I had similar problems in the past.

The 2 most common issues were:

1. Controller load - if the slurmctld was in heavy use, it sometimes didn't respond in timely manner, exceeding the timeout limit.

2. Topology and msg forwarding and aggregation.


For 2 - it would seem the nodes designated for forwarding are statically assigned based on topology. I could be wrong, but that's my observation, as I would get the socket timeout error when they had issues, even though other nodes in the same topology 'zone' were ok and could be used instead.


It took debug3 to observe this in the logs, I think.


HTH

--Dani_L.

Marcelo Garcia

unread,
Jun 12, 2019, 3:43:41 AM6/12/19
to Slurm User Community List
Hi Steffen

We are using Lustre as underlying file system:
[root@teta2 ~]# cat /proc/fs/lustre/version
lustre: 2.7.19.11

Nothing has changed. I think this is happening for a long time, but before was very sporadic, and only recently became more frequent.

Best Regards

mg.
Click https://www.mailcontrol.com/sr/C3sVfTezEznGX2PQPOmvUj911dVlkoGM8wtqpF4T7nO4ifXHGgg4hDJ1wA0Q6k9yVX4zexuKDmbIiTKH8SslWQ== to report this email as spam.

Bjørn-Helge Mevik

unread,
Jun 12, 2019, 4:54:42 AM6/12/19
to slurm...@schedmd.com
Another possible cause (we currently see it on one of our clusters):
delays in ldap lookups.

We have sssd on the machines, and occasionally, when sssd contacts the
ldap server, it takes 5 or 10 seconds (or even 15) before it gets an
answer. If that happens because slurmctld is trying to look up some
user or group, etc, client commands depending on it will hang. The
default message timeout is 10 seconds, so if the delay is more than
that, you get the timeout error.

We don't know why the delays are happening, but while we are debugging
it, we've increased the MessageTimeout, which seems to have reduced the
problem a bit. We're also experimenting with GroupUpdateForce and
GroupUpdateTime to reduce the number of times slurmctld needs to ask
about groups, but I'm unsure how much that helps.

--
Bjørn-Helge Mevik, dr. scient,
Department for Research Computing, University of Oslo
signature.asc

Christopher Benjamin Coffey

unread,
Jun 12, 2019, 10:37:54 AM6/12/19
to slurm-users, slurm...@schedmd.com
Hi, you may want to look into increasing the sssd cache length on the nodes, and improving the network connectivity to your ldap directory. I recall when playing with sssd in the past that it wasn't actually caching. Verify with tcpdump, and "ls -l" through a directory. Once the uid/gid is resolved, it shouldn't be hitting the directory anymore till the cache expires.

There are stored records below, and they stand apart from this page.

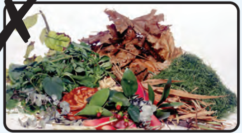
No garden waste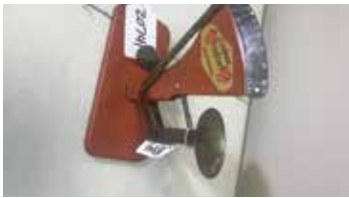
Lot#20741. Cyclone Quality Egg Scale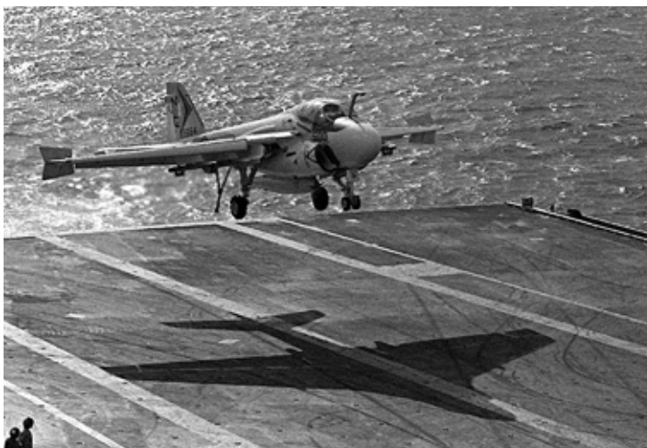
An Intruder comes in for a landing on the deck of USS Constellation.

Attracted design proposals from Bell, Boeing, Douglas, Grumman, Lockheed, Martin, North American, Vought ★ entered combat July 1, 1965, flying against Hanoi targets ★ nicknamed “Double Ugly,” “Iron Tadpole,” “Drumstick” ★ carried every type of US and NATO air-to-ground weapon ★ designed to have downward-swiveling jet nozzles for STOL, but never applied ★ fitted with wingtip-mounted speed brakes ★ featured in a 1986 Stephen Coonts novel, Flight of the Intruder , and 1994 sequel, The Intruders ★ appeared in 1991 John Milius film, “Flight of the Intruder.”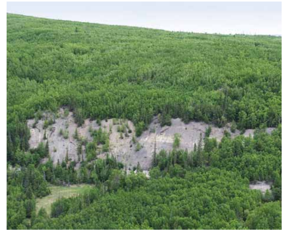
Aerial view of ridgeline shale outcrop

“DNI Metals is an exploration and development company, not a mining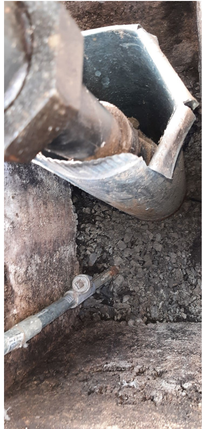
8: Regular UDC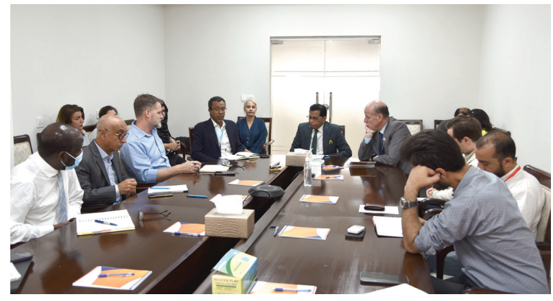
Health Partner Meeting on Tropical Cyclone "BIPARJOY" at WHO Pakistan Country Office, dated 13 june, 2023

Do the nodes NAT through the head node?

Best,
Chris


Christopher Coffey
High-Performance Computing
Northern Arizona University
928-523-1167

Marcus Wagner

unread,
Jun 12, 2019, 11:06:48 AM6/12/19
to slurm...@lists.schedmd.com
Hi,

we hit the same issue, up to 30.000 entries per day in the slurmctld log.

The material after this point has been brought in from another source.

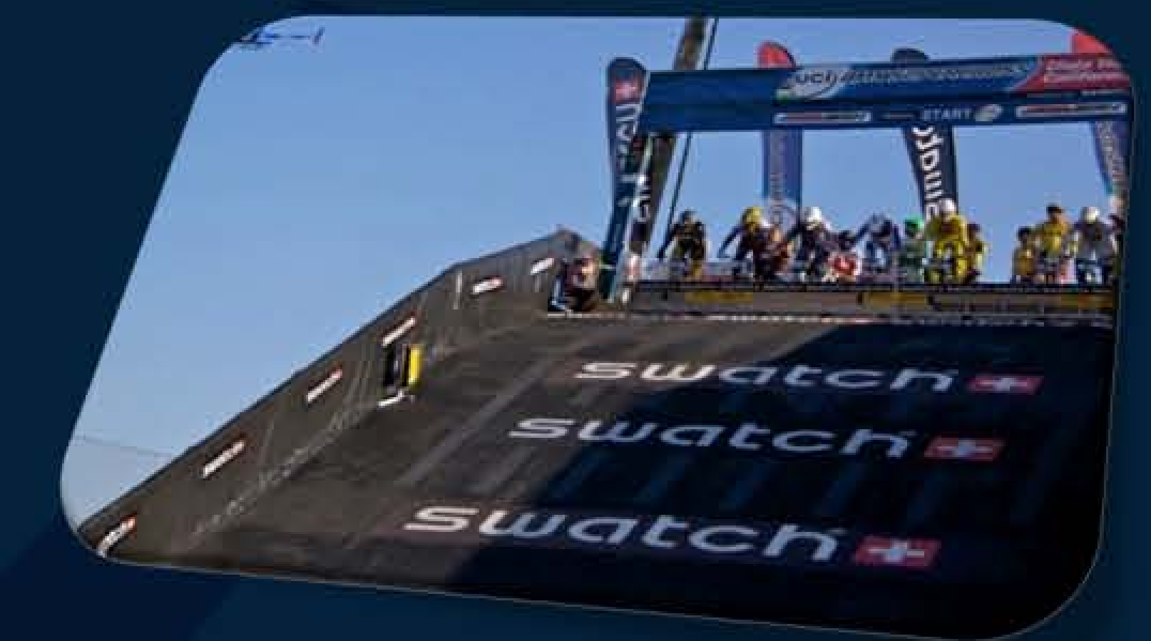
Union Cycliste Internationale BMX Supercross World Cup Competition included 140 Elite men and 32 Elite women from 21 countries. September 17-19, 2010

As we used SL6 the first time (Scientific Linux), we had massive
problems with sssd, often crashing.
We therefore decided to get rid of sssd and manually fill /etc/passwd
and /etc/groups via cronjob.

So, yes we have a ldap, but it can't be the issue in our case, since
user and group lookups are done locally.

Best
Marcus
--
Marcus Wagner, Dipl.-Inf.

IT Center
Abteilung: Systeme und Betrieb
RWTH Aachen University
Seffenter Weg 23
52074 Aachen
Tel: +49 241 80-24383
Fax: +49 241 80-624383
wag...@itc.rwth-aachen.de
www.itc.rwth-aachen.de


Christopher Harrop - NOAA Affiliate

unread,
Jun 13, 2019, 10:48:21 AM6/13/19
to Slurm User Community List
Hi,

My group is struggling with this also.

The worst part of this, which no one has brought up yet, is that the sbatch command does not necessarily fail to submit the job in this situation. In fact, most of the time (for us), it succeeds. There appears to be some sort of race condition or something else going on. The job is often (maybe most of the time?) submitted just fine, but sbatch returns a non-zero status (meaning the submission failed) and reports the error message.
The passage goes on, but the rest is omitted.